Once Upon A Time Proletarian
Guo Xiaolu
Release year: 2009
Run time: 75 min
Film type: Fiction
Synopsis
A subjective anatomy of contemporary China in the post-Marxist era. With a dark, poetic and existentialist visual mind, the film shows people from different classes living in modern Chinese society.
12 chapters explore facets of the Chinese social and political landscape. Stories of yearning, loss and dreams unfold: an old peasant who has lost his land, a millionaire chatting with his mate in a stock exchange office, a young migrant who came to the city to wash cars, a weapons factory worker who wishes Mao was still alive to save the country, a successful hotel owner who praises the government’s liberal economy policies, and young kids whose dream is to become famous western artists…
Led by metaphoric comical and absurd children stories, each chapter conveys themes of trivial reality, despairing hearts, lonesome youth, and uncertain futures. This film contemplates a vast and complex society whose citizens are searching for new beliefs and identities after the country’s great revolutionary days, and demonstrates how the individual is in conflict with his time and history.
Director biography
Guo Xiaolu is a novelist, essayist, screenwriter and filmmaker. She was born in south-eastern China in 1973 and studied Film and Beijign Film Academy and the UK National Film and TV School.
The English-language translation of her novel, Village of Stone (2004), was shortlisted for the 2005 Independent Foreign Fiction Prize and the 2006 International IMPAC Dublin Literary Award. This was followed by her first novel in English, A Concise Chinese-English Dictionary for Lovers (2007), which was shortlisted for the 2007 Orange Prize for Fiction; 20 Fragments of a Ravenous Youth (2008), which was longlisted for the Man Asian Literary Prize; UFO in her Eyes (2009), a surrealist account of globalisation; a collection of short stories entitled Lovers in the Age of Indifference (2014); and I Am China, a novel published in 2014.
Her award-winning films include the feature films She, a Chinese (2009, Golden Leopard Award in Locarno Film Festival) and UFO In Her Eyes (2011), the latter adapted as a screenplay from her novel, and screened at international film festivals. Her documentaries include Once upon a time Proletarian (2009), We Went to Wonderland (2008), How Is Your Fish Today? (2006) and The Concrete Revolution (2004), which was awarded the Grand Prix in the 2005 International Human Rights Film Festival (France).
In April 2013, she was named one of the 'Best of Young British Novelists' by Granta Magazine.
Director's statement
This film started while I was preparing and shooting a fiction film—which at that time was called La Chinoise, and became She, A Chinese. As I kept looking at the main actress’s face and trying to make her beautiful, I started to feel an urge to shatter reality. I needed to film the dusty faces of the streets, the curious and amazed faces of the peasants gathering to watch us make our film, and to include in my picture frame those sunken eyes and crazed laughs, and to record their sighs and silences too.
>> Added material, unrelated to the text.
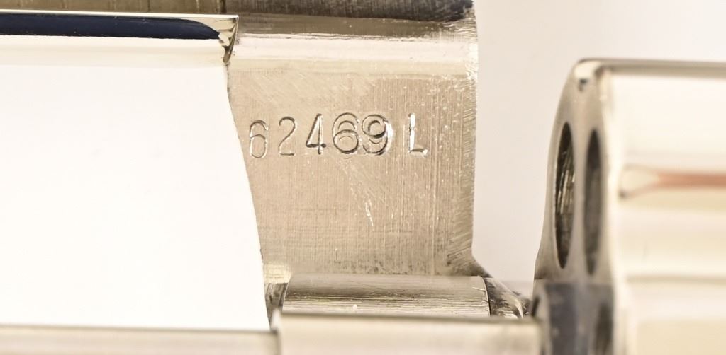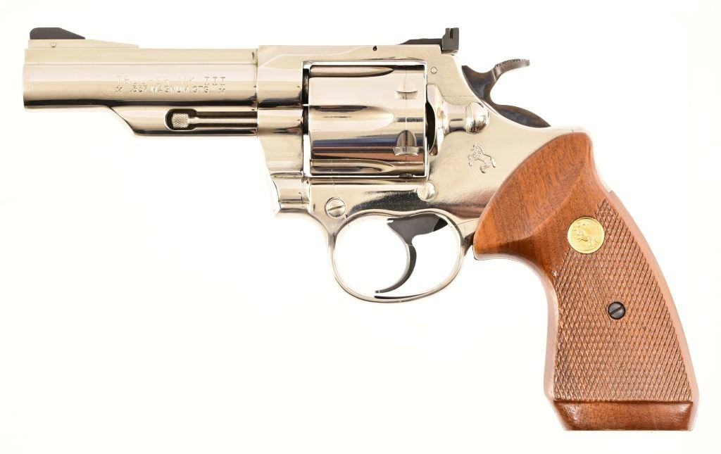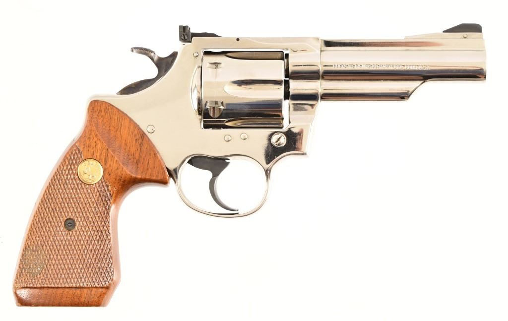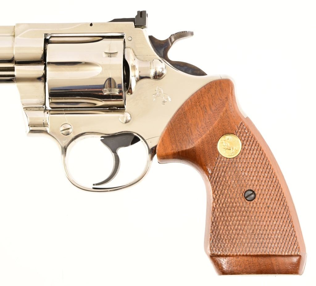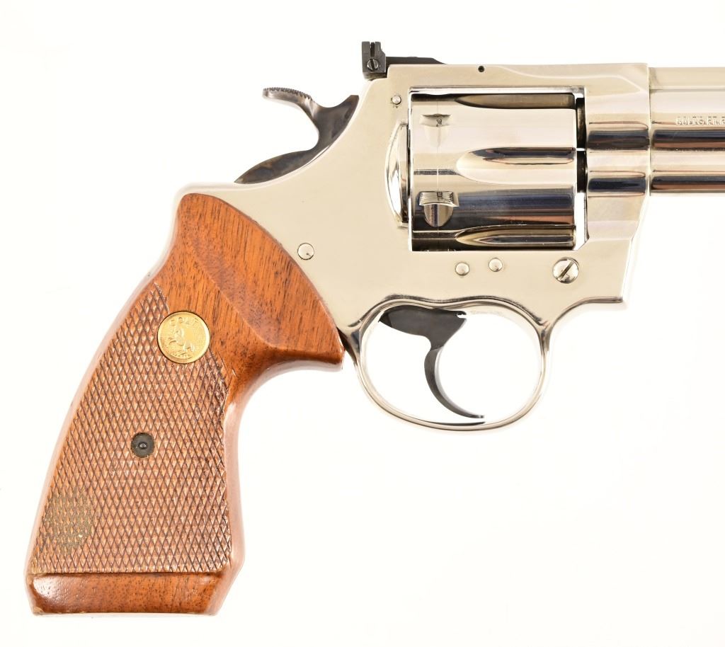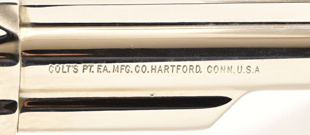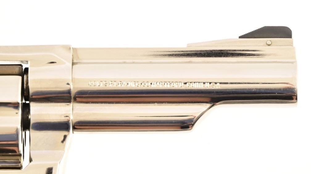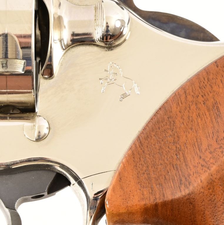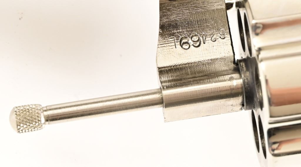 S/N 62469L. Nickel plated, 4" barrel, Rampant Colt medallion checkered wood grips. Modern

I wanted this gritty reality to be seen, rather than to be cleared away from the eye of the camera.
In this film, there are many faces and voices. They are vivid archives documenting our history and our present. And as much as they reveal about the ancient hardship of Chinese peasants, they also show the new material desires, the cold-hearted indifference towards social responsibilities, resonating with New China's ambition to be at the forefront of capitalist nations.
I feel sorrowful and disillusioned for those people who are very much part of my background. And as much as I love my country, I hate how ordinary individuals’ inner life can be completely kidnapped by the harsh forces of society, resulting in the individual no longer being able to recognize his or her own emotions.
I grew up in a village among illiterate people. Eventually, I left them for a bigger dream. Perhaps, I see my mission not so much as a writer and filmmaker, but rather as a kind of Don Quixote insisting on maintaining the idea of the intellectual, the reflective mind—concepts lost to us somewhere in the 1970s. When I walk around and encounter these weathered faces, I feel a responsibility to let these low and anonymous people speak. I want to give them time on camera for their sadness and hope when they gaze at us.
I wanted this film to show a particular period of our country, following China’s dramatic revolutions—the Communist Revolution of the 1940s, the Cultural Revolution of the 1960s/70s, and the Economic Revolution ongoing since the 1980s. As a filming method: an anti-climactic camera picks up each work-worn, warm, sorrowful, and sometimes innocent face in the film.
Between the chapters, children are reading from comic books, or we simply see the children’s faces—somehow I want them to tell us something about the future, not only of China, but also of our world, which has its beauty, brutality but mostly its banality.
Through the film, I try to evoke a feeling of the birth of an unimaginable future, a birth from the grotesque, a birth of new hope. And I seek an inner truth underlying this collective melancholy.